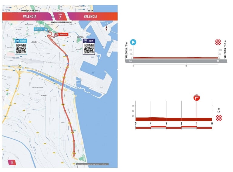 Ce contre la montre inaugural consiste en un aller-retour sur la voie rapide qui longe le bord de mer de Valence. Ce chrono favorisera les équipes ayant l’habitude d’emmener des longs bout droits tout en puissance. Sauf gros incident, il ne devrait pas y avoir d’écarts significatifs entre les favorites du classement général.
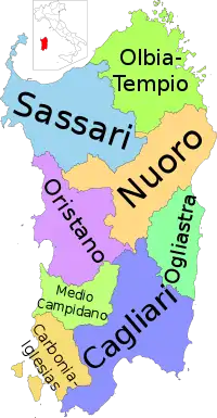 | Провінції | Кальярі, Карбонія-Іглезіас, Медіо-Кампідано, Нуоро, Ольястра, Ольбія-Темпіо, Орістано, Сассарі | ||||
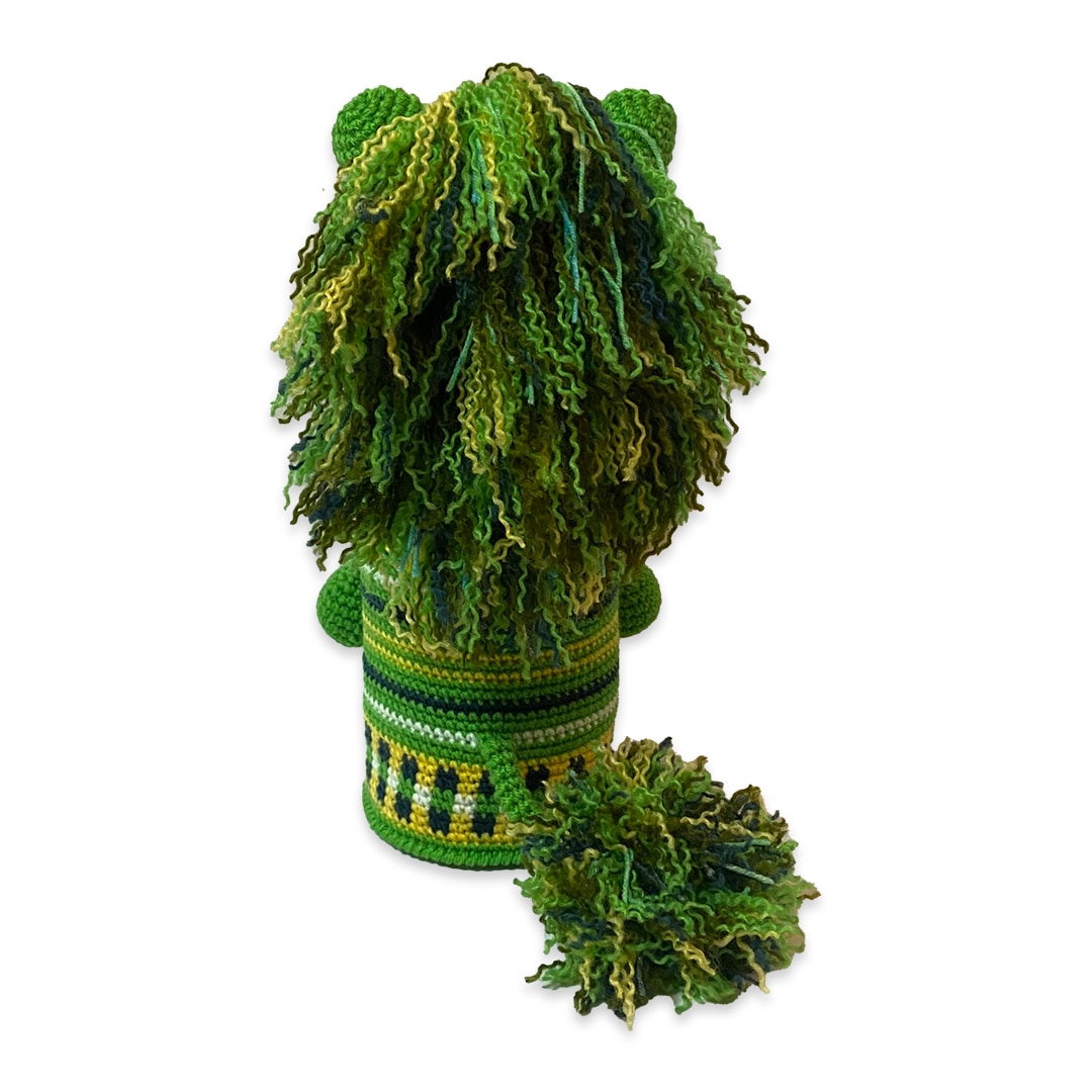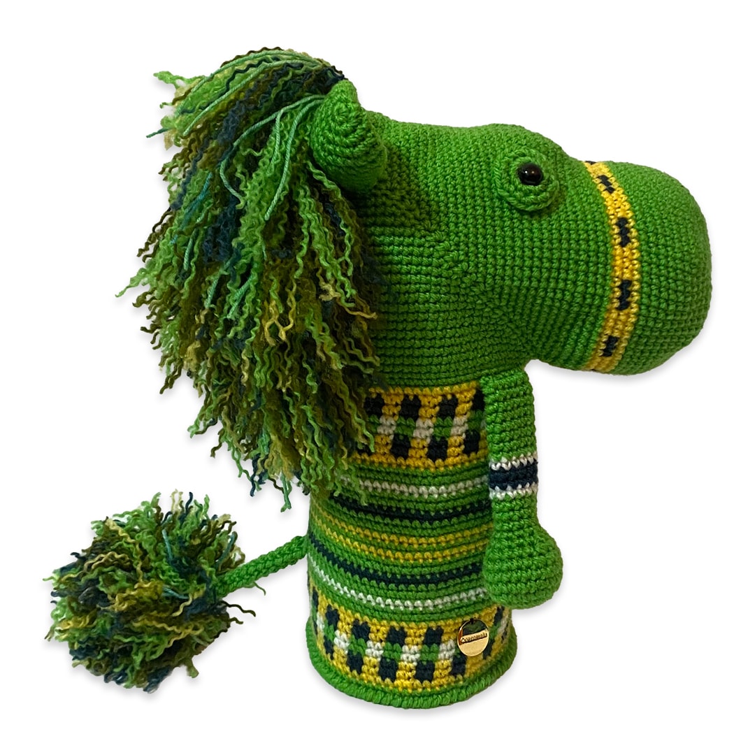 本体は耐久性と色の発色の良さを重視したアクリル毛糸を使用。裏地には高価生地ストレッチボアを使用したドライバー専用のヘッドカバーです。
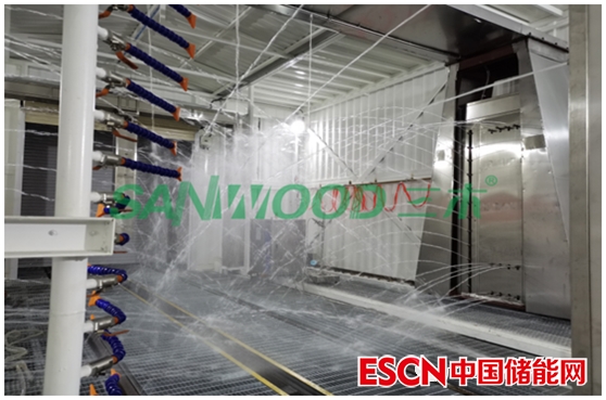頂部與左右兩側(cè)采用行車固定自動噴淋系統(tǒng),前后側(cè)采用龍門支架,噴頭可左右移動。

· · · ·

● Problem requirements
Without reproducing any picture, repeat exactly the lines from the one containing "本体は耐久性と色の発色の良さ" through the last line of the material above, both ends included.

● Result below
 本体は耐久性と色の発色の良さを重視したアクリル毛糸を使用。裏地には高価生地ストレッチボアを使用したドライバー専用のヘッドカバーです。
頂部與左右兩側(cè)采用行車固定自動噴淋系統(tǒng),前后側(cè)采用龍門支架,噴頭可左右移動。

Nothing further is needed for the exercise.